Observationally Verifiable Predictions of Modified Gravity

TL;DR

MOG is a relativistic modified gravity theory that explains astronomical phenomena without dark matter, matching observations of galaxy dynamics, lensing, and cosmology, and predicts testable deviations from Einstein's theory.

Contribution

This paper introduces exact and approximate solutions to MOG's field equations, demonstrating its consistency with various astrophysical observations and its potential to replace dark matter in cosmology.

Findings

MOG reproduces galaxy rotation curves and cluster masses without dark matter.

MOG predicts an accelerating universe consistent with observations.

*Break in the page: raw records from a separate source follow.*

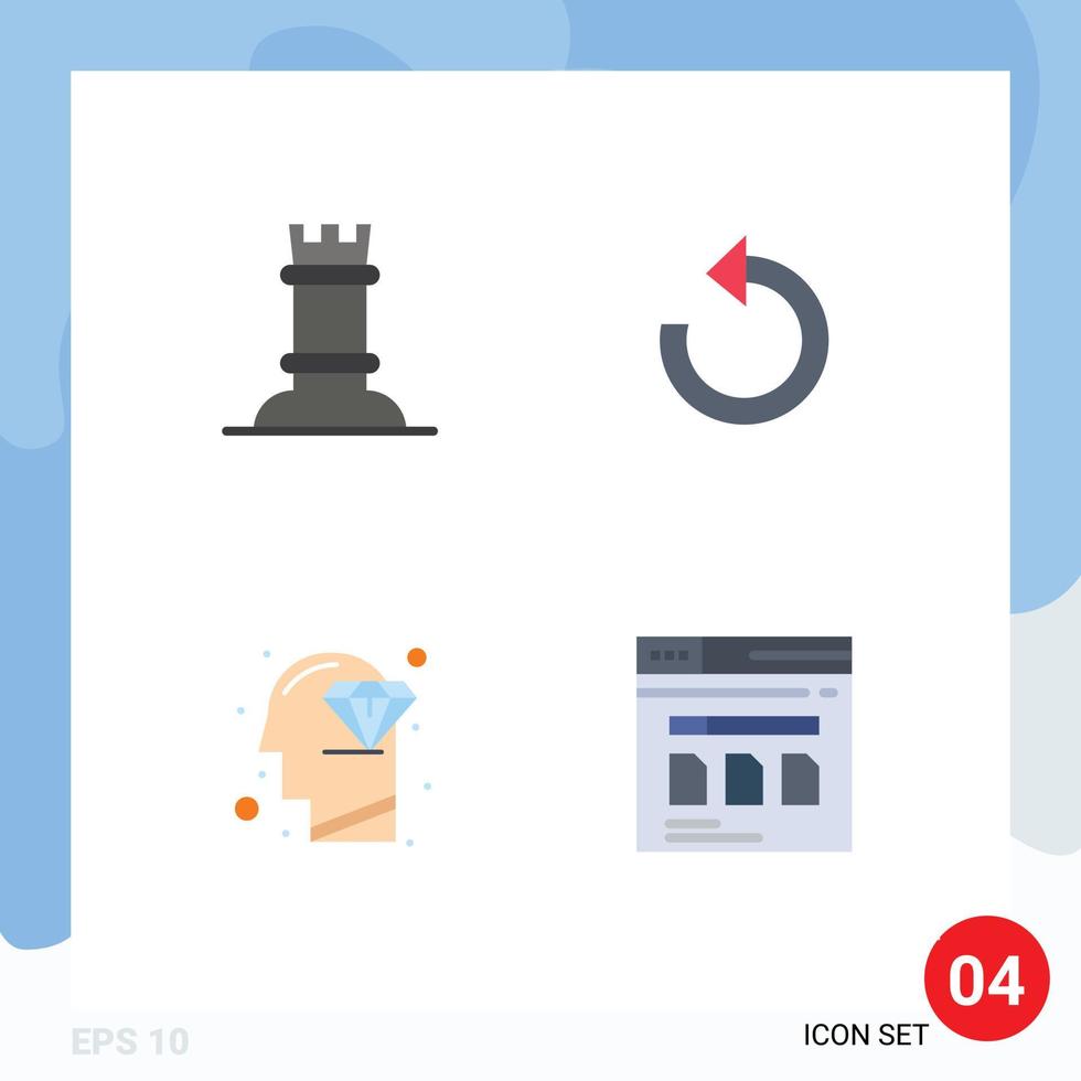 Mobile Interface Flat Icon Set of 4 Pictograms of chess mind refresh repeat page Editable Vector Design Elements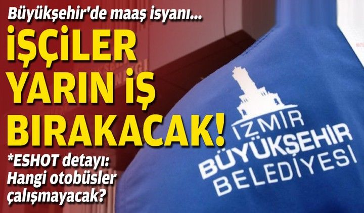 Belediye-İş’in, yarın gün içerisinde yapılacak eyleme ilişkin bir açıklama yapması bekleniyor. Eylemin, İzmir’deki belediyeye bağlı yarın, il genelinde ESHOT’a bağlı şehir içi otobüsler hizmet vermeyecek, İZENERJİ tüm gün iş bırakmış olacak. Metro ve tramvay ise aksamalı olarak ulaşımı sağlayacak.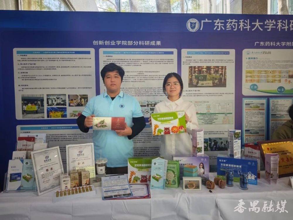 会议期间还举办了广东药科大学科研成果展,分设广东药科大学学院成果展区、“双百行动”成果展区、科技园成果展区以及附属医院展区,展示师生最新的科研成果及样品。

Future experiments could distinguish MOG from standard cosmology.

Abstract

MOG is a fully relativistic modified theory of gravity based on an action principle. The MOG field equations are exactly solvable numerically in two important cases. In the spherically symmetric, static case of a gravitating mass, the equations also admit an approximate solution that closely resembles the Reissner-Nordstrom metric. Furthermore, for weak gravitational fields, a Yukawa-type modification to the Newtonian acceleration law can be obtained, which can be used to model a range of astronomical observations. Without nonbaryonic dark matter, MOG provides good agreement with the data for galaxy rotation curves, galaxy cluster masses, and gravitational lensing, while predicting no appreciable deviation from Einstein's predictions on the scale of the solar system. Another solution of the field equations is obtained for the case of a a spatially homogeneous, isotropic cosmology. MOG predicts an accelerating universe without introducing Einstein's cosmological constant; it also predicts a CMB acoustic power spectrum and a mass power spectrum that are consistent with observations without relying on non-baryonic dark matter. Increased sensitivity in future observations or space-based experiments may be sufficient to distinguish MOG from other theories, notably the LCDM "standard model" of cosmology.